Como revelado por mais um artigo de Sérgio Aníbal no Público a 13 de Dezembro, o Governo fez um acordo com os credores europeus do sector oficial. Estes impuseram cinco condições antes da autorização dos pagamentos ao FMI, duas das quais – manutenção de maturidade residual média da dívida de 6,5 anos, excluindo dívida à UE, e manutenção de almofada financeira de 40% das necessidades de financiamento de médio e longo prazo nos próximos 12 meses – com significativas implicações para o erário público se se perpetuarem no tempo.

O acordo foi feito, de forma secreta, à revelia do Parlamento português, e formalizado com o pedido e as respostas a esse pedido, no mesmo dia, 24 de Outubro do corrente ano, pelo Ministério das Finanças de Portugal, Comissão Europeia, BCE, Mecanismo Europeu de Estabilidade (e Fundo Europeu de Estabilização Financeira), tendo sido aprovado pelo Parlamento alemão a 19 de Novembro de 2018, antes de ser anunciado pelo Primeiro Ministro no Parlamento português.

Quais as implicações e os ensinamentos deste episódio?

As autoridades europeias e um parlamento de outro estado membro definiram as condições de gestão da dívida pública de um estado membro, Portugal.
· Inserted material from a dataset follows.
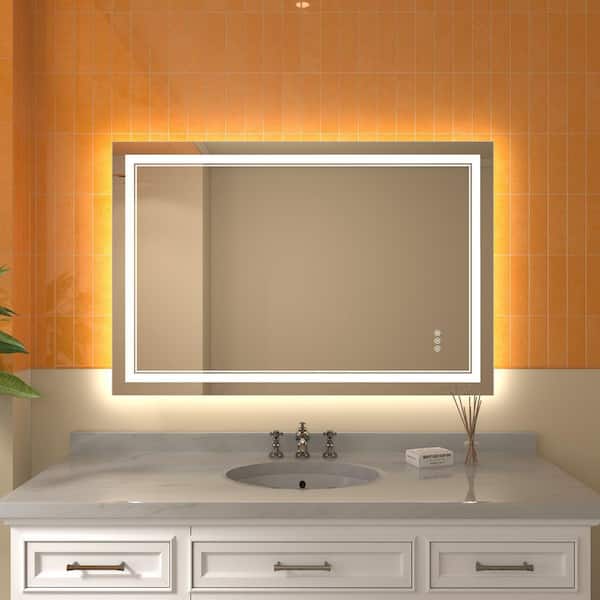 Derrin 48 in. W x 32 in. H Large Rectangular Frameless Anti-Fog Dimmable LED Wall Bathroom Vanity Mirror in Silver
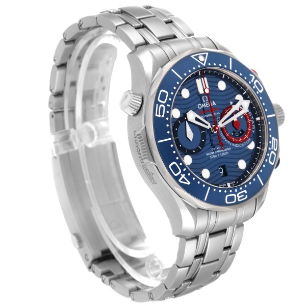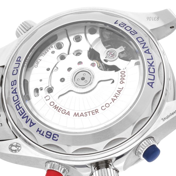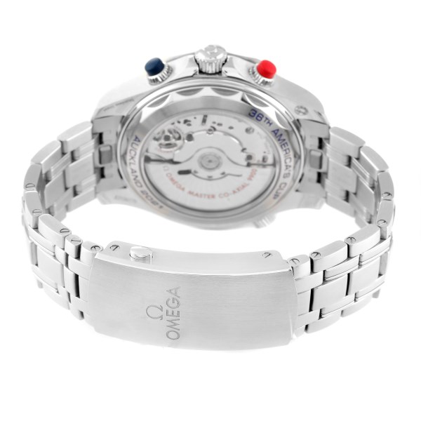 | Case: | Stainless steel case 44.0 mm in diameter. Omega logo on a crown. helium escape valve at 10 o'clock. Chronograph lock system located at 9 o'clock. |

Ou seja, vai-se para além do Pacto de Estabilidade e Crescimento e do Tratado Orçamental (limites ao défice público e ao stock de dívida pública) e começam-se a impor restrições à maturidade da dívida, à dimensão da almofada financeira e às características das emissões de dívida pública.
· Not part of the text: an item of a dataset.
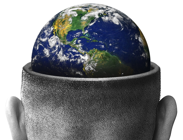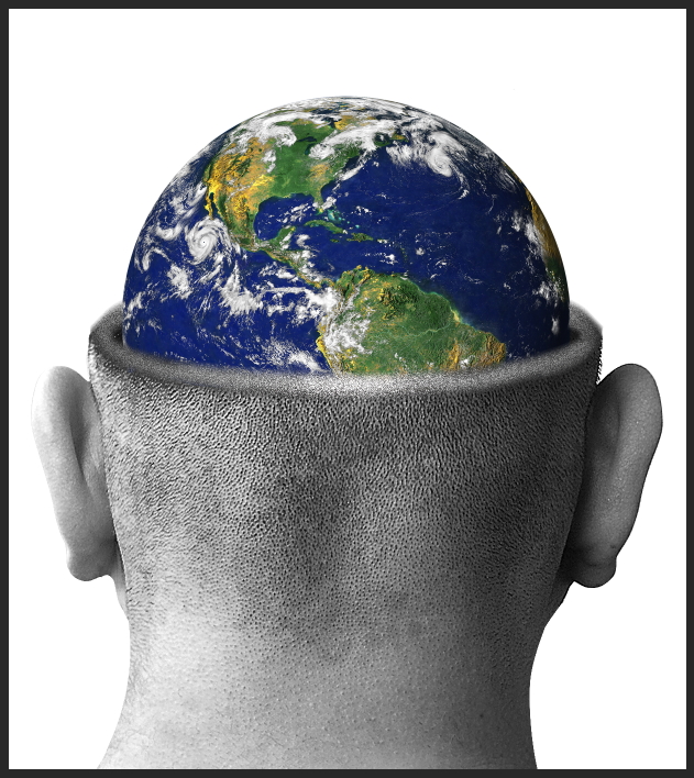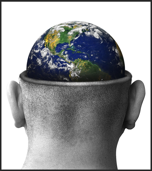 Vendo esta matéria eu me inspirei em criar uma montagem surrealista em que o planeta terra ficasse dentro de nossa cabeça e passar a impressão que com a internet o mundo ficaria pequeno em nossas cabeça, então fui correndo para o Photoshop para criar, tive um resultado bem satisfatório, veja abaixo.

O que no mundo anglo-saxónico se designa por uma “slippery slope” (uma rampa escorregadia com consequências potencialmente negativas)…

As condições negociadas com as autoridades europeias implicam custos para o erário público que dependem da duração dos compromissos assumidos pelo Governo de Portugal, particularmente, em relação à manutenção da maturidade residual média da dívida em 6,5 anos.

A linguagem utilizada nos documentos oficiais disponíveis no website do Parlamento da Alemanha parece sugerir que o Governo somente estaria obrigado a cumprir essas condições imediatamente antes do pagamento ao FMI, que ocorreu a semana passada. Seria importante que o Ministério das Finanças de Portugal confirmasse que não se vinculou a cumprir essas condições também no futuro.

Somente assim se poderá avaliar se foi positiva a amortização antecipada da dívida ao FMI.